PENN Entertainment and Churchill Downs, Inc. own brick-and-mortar casinos in the state, but would not be allowed to offer gambling platforms. On the sports betting side, that has meant that PENN’s ESPN BET is not available. Caesars Sportsbook and DraftKings are partnered with tribes for wagering.

Maine lawmakers are among a small handful considering online casino across the country this session. Lawmakers in Maryland have been regularly discussing and negotiating what online casino would look like, but do not yet have a clear path to legalization. In February, an online casino bill in Wyoming died in the House, and politicians in New York have been pushing to legalize, but don’t have the support of the governor.

In Maine, Gov. Janet Mills upended a legal sports betting proposal in 2022, giving the tribes a monopoly. The move was considered an olive branch to the four tribes, none of which are federally recognized. Online gambling was included in that agreement, but lawmakers must still craft a legislation to make it so. The apparent goal with online casino would be the same — tribes would hold the licenses, and commercial operators could partner with them.
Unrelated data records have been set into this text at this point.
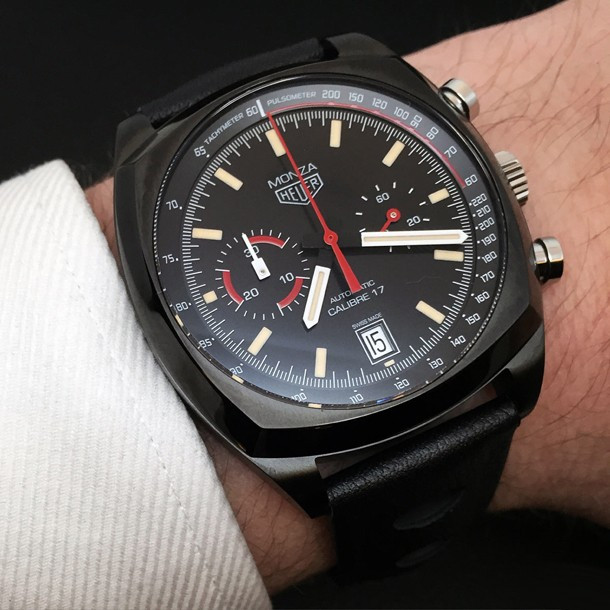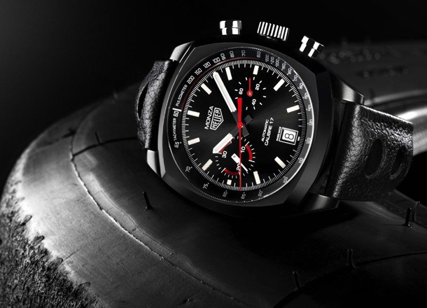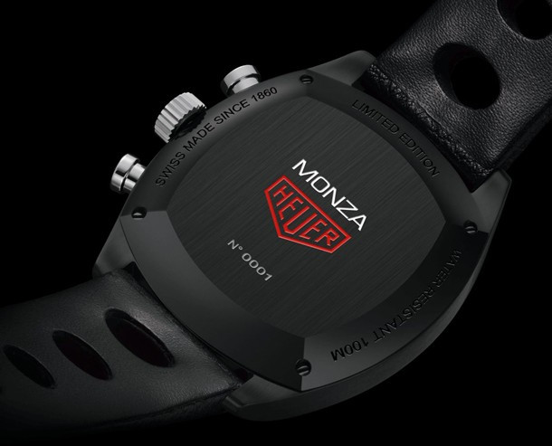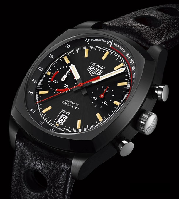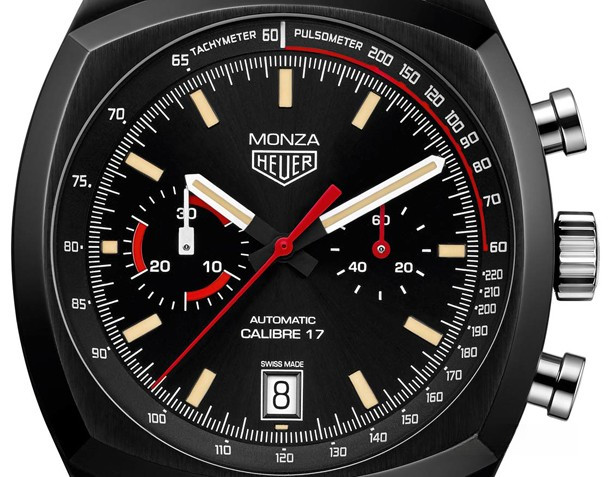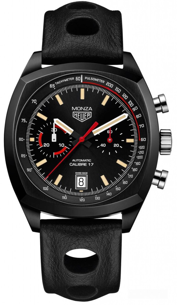 Часовая мануфактура Tag Heuer представила новую модель часов Heuer Monza 40th Anniversary (Ref. CR2080.FC6375). Корпус новинки подушкообразной формы, изготовлен из титана, покрытого карбидом титана черного цвета. Диаметр корпуса составляет 42 мм, а водонепроницаемость до 100 метров. Завинчивающаяся рифленая заводная головка, изготовленная из нержавеющей стали, расположена на 3 часах, а стальные пушеры хронографа - на 2 и 4 часах. Задняя крышка часового корпуса глухая, на четырех винтах; на ней имеется исторический логотип Heuer, такой же, как и на циферблате. Сапфировое стекло с антибликовым покрытием защищает черный циферблат. На фланце размещены шкала тахиметра и пульсомера. Модель оснащена автоматическим механизмом TAG Heuer 17, с балансовой частотой 28800 полуколебаний в час (4 гц), 42-часовым запасом хода, функциями индикации часов, минут, секунд, даты, а также с хронографом (центральная секундная стрелка красного цвета и круглый аналоговый 30-минутный счетчик, расположенный на 9 часах). Часы поставляются на черном кожаном перфорированном ремешке.
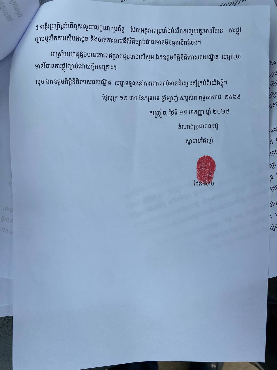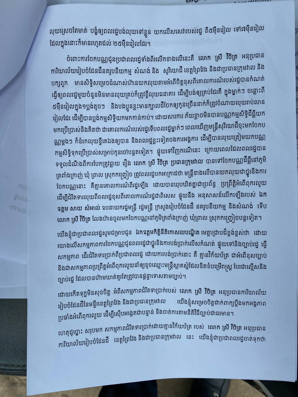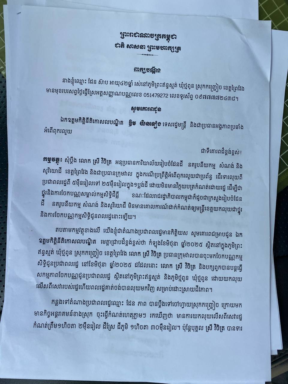 ផ្ទុយទៅវិញ កំឡុងខែមិថុនា ឆ្នាំ២០២៥ ស្ថិតនៅក្នុងភូមិព្រះ ឥន្ធស្មត់ ឃុំថ្មពូន ស្រុកកញ្ជ្រៀច ខេត្តព្រៃវែង លោក ស្រី វិចិត្រ ប្រធានក្រុមវាល បានចុះមកចែកបណ្ណកម្ម សិទ្ធិជូនប្រជាពលរដ្ឋ នៅខែមិថុនា ឆ្នាំ២០២៥ ដដែលនោះ លោក ស្រី វិចិត្រ និងបក្សពួកបានបន្តធ្វើសកម្មភាពចែកបណ្ណជូនប្រជាពលរដ្ឋ ស្ថិតនៅភូមិព្រះឥន្ធស្មត់ និងភូមិថ្មពូន ឃុំថ្មពូន ដោយយកលុយ លើសពីសេវារបស់រដ្ឋ ដែលបានកំណត់ហើយពលរដ្ឋគាត់ចង់បានលុយត្រឡប់មកវិញ សម្រាប់ដោះស្រាយជីវភាព។
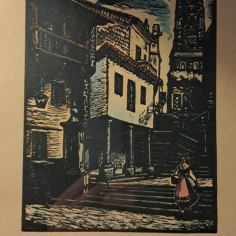 Ruotsalaisen taidemaalari Adolf Melinin (1880-1958) signeerattu puupiirros "Mora stuga från 1600-talet" 1900-luvun alusta. Taulun koko kehyksineen 27,5 cm x 34,5 cm. Teoksen koko n. 18 cm x 23 cm. Piirroksen oikeassa reunassa repeämiä. Vain nouto.
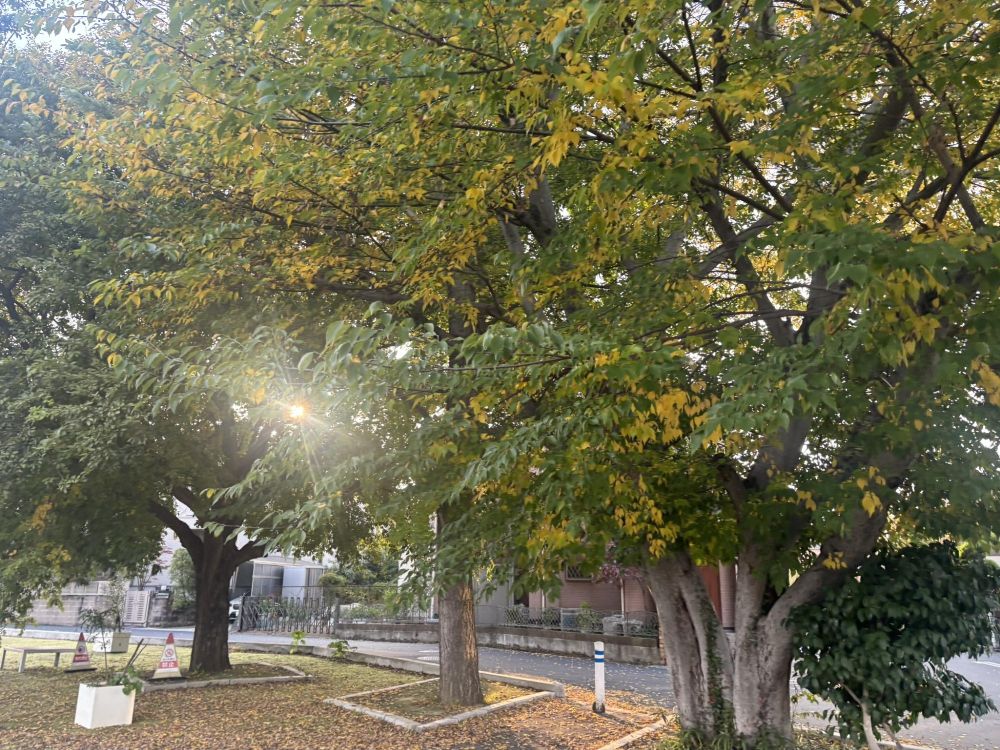 木に青い網がつけられています。クビアカツヤカミキリ対策です。
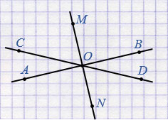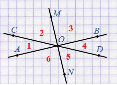 Проведите прямые АВ, СD и МN, которые пересекаются в точке О. На сколько частей делят плоскость три пересекающиеся прямые?

Caesars and DraftKings, which just last month expanded their offerings through what some are calling a game-changing deal with lottery company Jackpocket, both have iCasino products they could offer.

New tax rate, fees

Thursday’s work session stretched out until nearly 6 p.m. local time, and resulted in lawmakers tabling discussion on a bill that would legalize historical horse racing. The group will pick up discussion on that proposal and one that would allow veterans groups a slice of the online gambling pie March 7.

The main bill, LD 1777, has been amended since it was filed. The bill started by proposing a 25% tax rate on online gambling, but that has been reduced to 16%. In the initial version of the bill, licensees would have paid a $200,000 application and renewal fee, with licenses being valid for four years. The latest amendment changes the fees to $50,000 per year.

Lawmakers also spent considerable time discussing what proportion of state revenue from online gambling would be earmarked for problem and responsible gaming initiatives, educational programs, and the like. Bill sponsor Rep. Laura D. Supica said repeatedly during the work session that her proposal could — and likely would — continue to be amended through the legislative process. Sources say whatever the outcome, it is unlikely Mills will sign it.

Maine’s legislative session is in session until April 17, and there is no crossover deadline for bills to move from one chamber to the other, but bills introduced this year do not carry over.